EXAMPLE 2: PRE-CLINICAL EFFICACY IN VIVO IN THE BAG3 KO AND BAG3 CKO MOUSE
[0302] Selected vectors are tested in vivo using mutant mouse models of cardiomyopathy. A BAG3-/- knock-out mouse model exhibits severe DCM phenotype and presents one or more DCM elements of human disease. The BAG3-/- knock-out mouse (described in, e.g., Homma et al., Am J Pathol, 2006) has s single retrovirus insertion that selectively disrupted the mouse bag3 gene. Histological analysis of the tissues of BAG3-/- mice revealed abnormalities in skeletal and cardiac tissue but not elsewhere, suggesting the possibility of myopathy. The BAG3-/- knock-out mice were indistinguishable from their wild-type (+/+) and heterozygous (+/-) littermates during the 1st week of life. The cardiac muscle from BAG3-null mice showed degenerative changes, with the atrium affected to a greater degree than the ventricle. The KO mice ceased to gain weight after day 12 and appeared dwarfed relative to littermates and all BAG3-/- animals are dead by day 25. After 20 days of age, myofiber degeneration was found throughout all muscles sampled in BAG3-/- mice. H&E-stained fresh-frozen sections of the muscle of BAG3-/- animals showed a marked variation in myofiber size, with evidence of atrophic fibers and intracellular accumulations of basophilic material. Inflammation, myonecrosis or other dystrophic pathological abnormalities were not observed in BAG3-/- muscle.
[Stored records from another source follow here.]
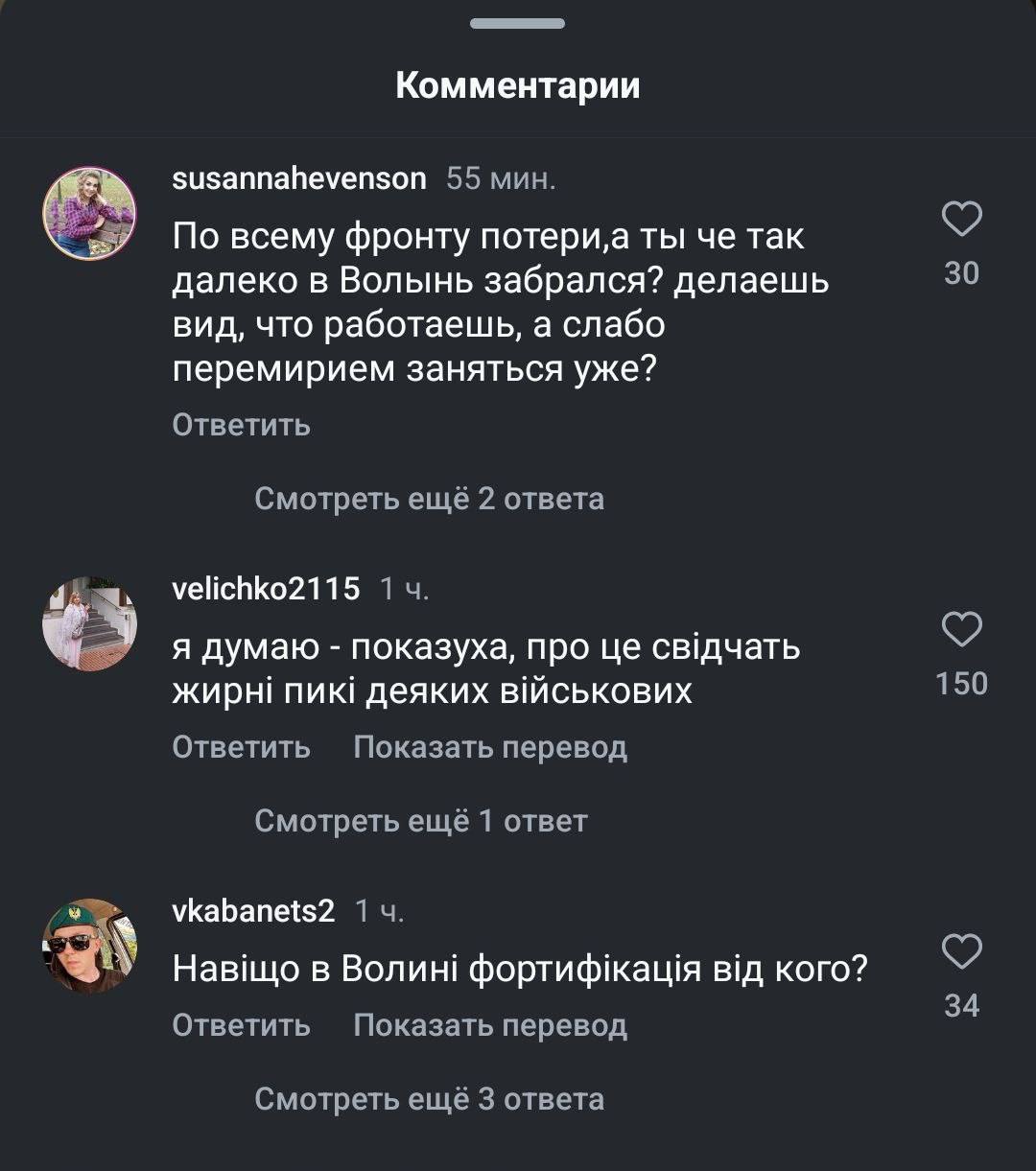 Під постом Володимира Зеленського про його поїздку на Волинь, де він оглянув будівництво фортифікацій та провів нараду щодо безпеки північних регіонів України, з'явилося багато коментарів із критикою.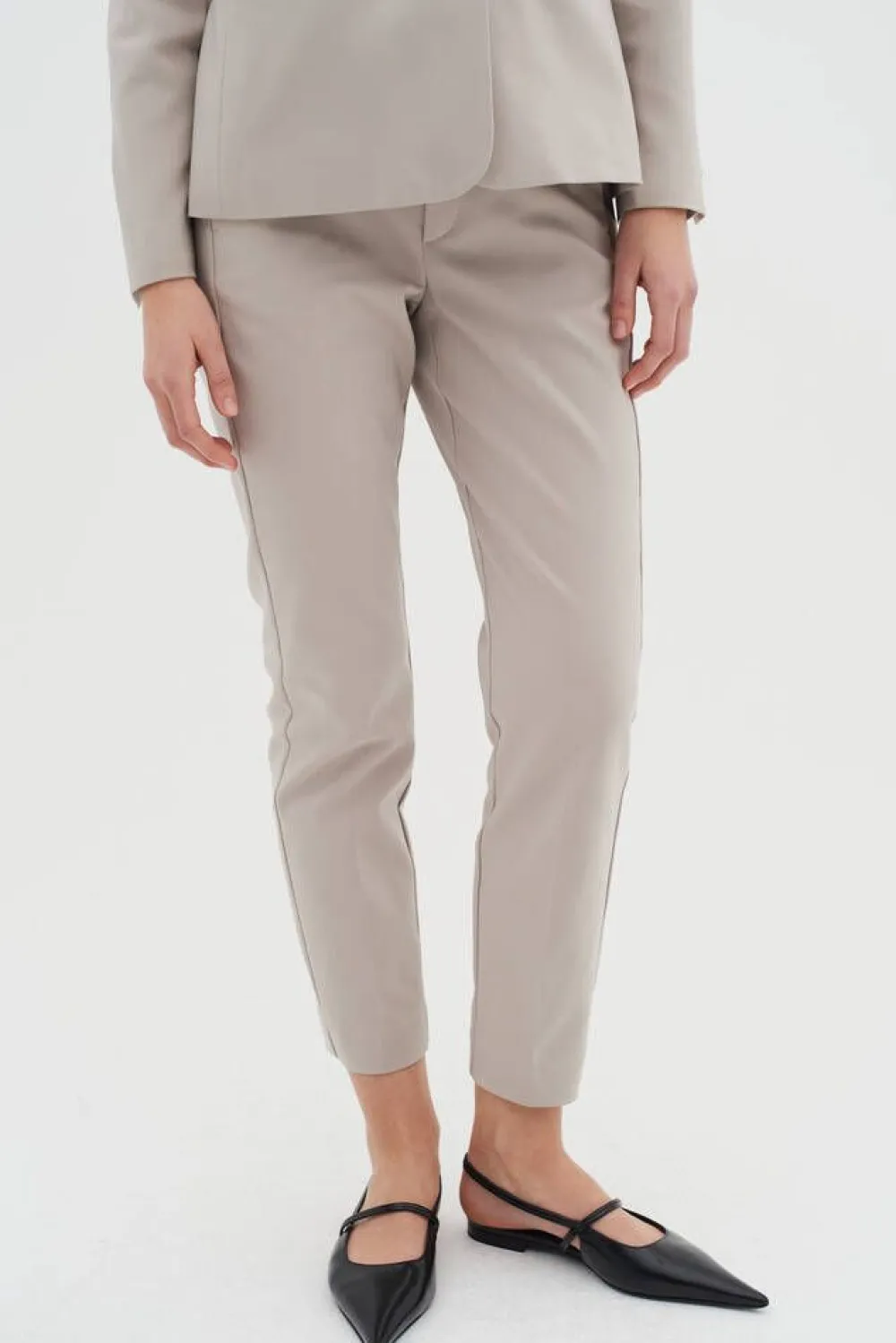 Vajaamittaiset housut joustavalla osittaisella kuminauhavyötäröllä. Juhlavan kokonaisuuden saat yhdistämällä hous…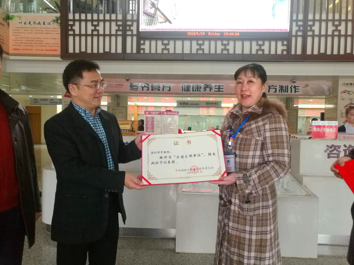 市文明办主任吕朝晖一行来院送荣誉1月19日上午,温州市委宣传部副部长、市文明办主任吕朝晖、副主任丁柏强、处长翁曙明一行专程送“全国文明单位”荣誉牌、证书到香蕉视频 六虹桥院区。党委副书记黄爱林代表医院接过“全…查看详情+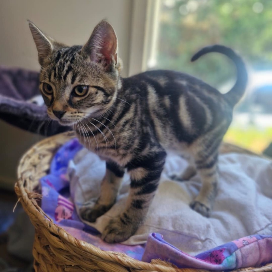Orion is an energetic little guy who loves to be at the center of attention! With his playful, fun-loving personality, he’s always ready to entertain. Whether it’s chasing after toys or engaging in a friendly game of pounce, Orion will keep you smiling with his kitten antics. But don’t let his energetic side fool you—Orion is also a sweet, cuddly boy who enjoys quiet moments of affection. He’s looking for a home where he can be loved and cherished as the little star he is.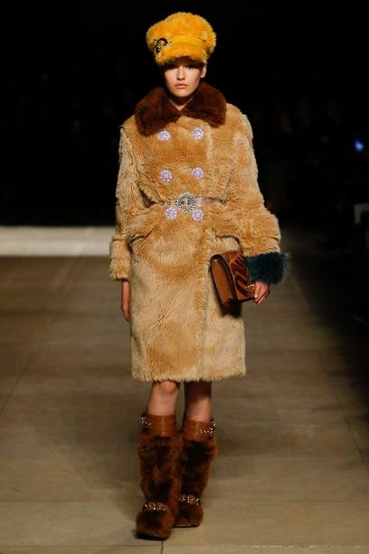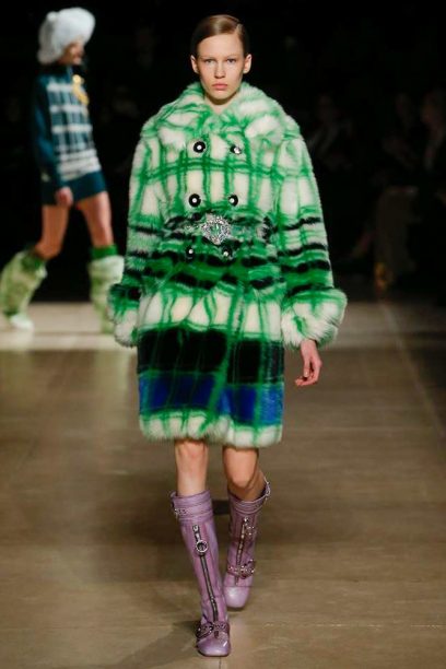 From the word ‘go’ the theme of the Miu Miu AW17 collection was clear; fur, fur and more fur. The invites were made from a fun and tactile purple faux fur, and on arrival guests were faced with a giant fur-lined purple staircase.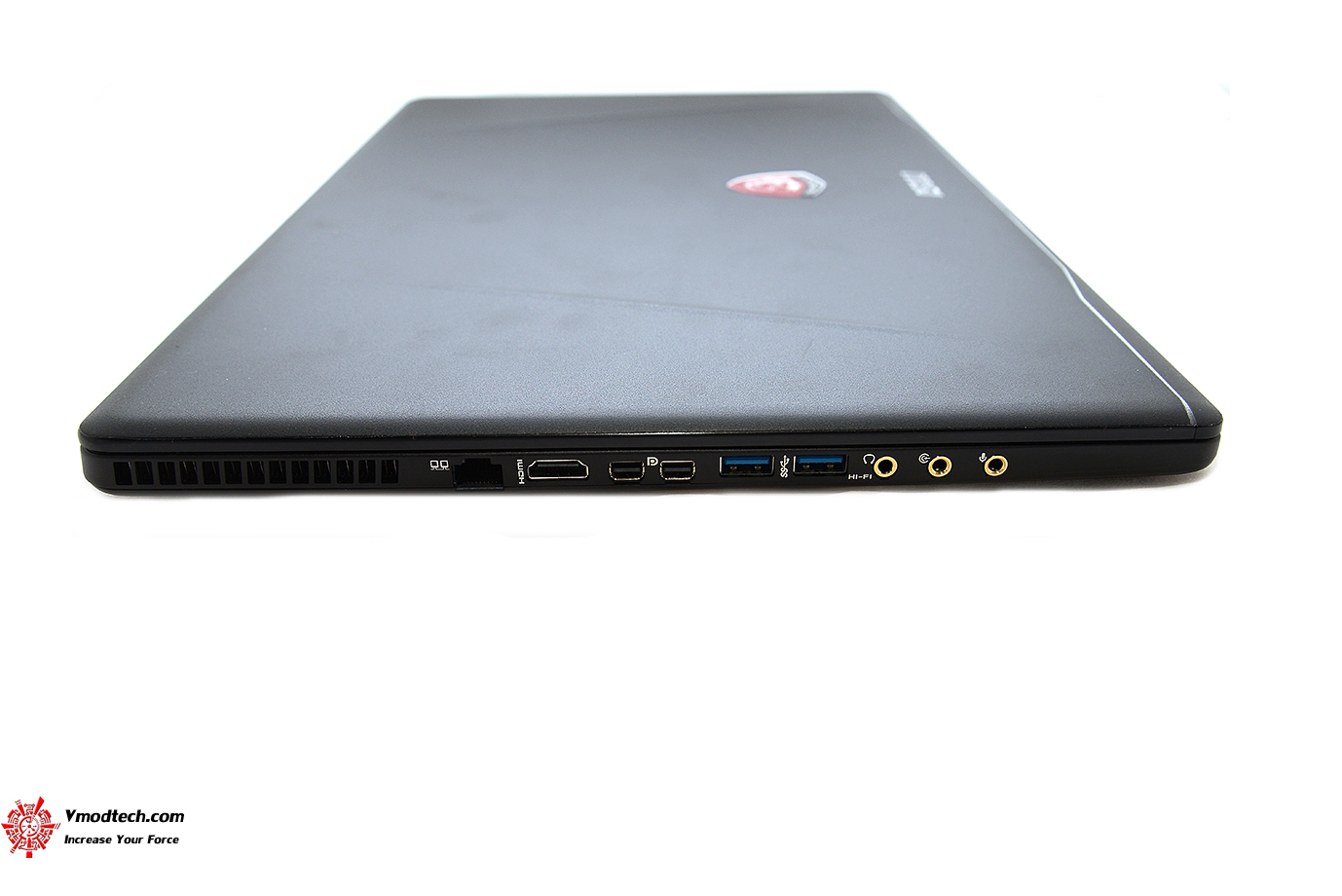 ช่อง เชื่อมต่อด้านข้างประกอบด้วย 2x USB 3.1 Type-A , USB 3.0 port X2 , Card Reader SD (XC/HC) , Mini DisplayPort x 2(v1.2) , HDMI x1(v1.4) , Mic-in/Headphone-out , LAN Killer E2400 Gigabit Ethernet with Killer Shield , Wireless LAN Killer Wireless-AC 1535 , Bluetooth 4.1 , Sound by Dynaudio with woofer

[0303] A Cre inducible heart-specific BAG3-/- knock-out (also termed Bis-iCKO) is also tested as a mouse model of moderately severe DCM phenotype. This mouse model exhibits one or more DCM elements of human disease and is characterized by a cardiomyocyte-specific, tamoxifen-activated, BAG3 knockout and is referred to as “Bis-iCKO” (described in, e.g., Yun et al, Int J Mol Sci 2021). This mouse model allows control of the onset of BAG3 loss of expression, limits loss of BAG3 to adult myocytes, and initiates a progression of molecular and functional events leading to dilated cardiomyopathy. Bis-iCKO mice were viable at birth; however, they had a striking susceptibility to premature death consequent to DCM and heart failure. While sixty percent of the Bis-iCKO mice survived until 28 days of life, morphological and histological analysis of Bis-iCKO hearts revealed marked cardiac enlargement in these mice. Echocardiography revealed an age-dependent decrease in left ventricular (LV) systolic function (percentage of fractional shortening [FS]) in mice deficient for BAG3.
[0304] Benefit of AAV-mediated BAG3 expression in either the above or similar models would be evidenced by an increase in survival, an increase in body weight gain, mitigation of the normal progression of cardiomyopathy observed on echocardiograms (e.g., LVESD, LVEDD), mitigation of enlarged size of right and/or left ventricle and/or mitigation of typical decrease in left ventricular ejection fraction and/or fractional shortening. Histological analyses would reveal benefit by diminished appearance of disease-related myofiber disarray, attenuated ventricular dilation, reduction in thinning of ventricular wall, reduction in number of apoptotic cells, reduction of DNA damage and reduction in disease-related change in absolute size of heart.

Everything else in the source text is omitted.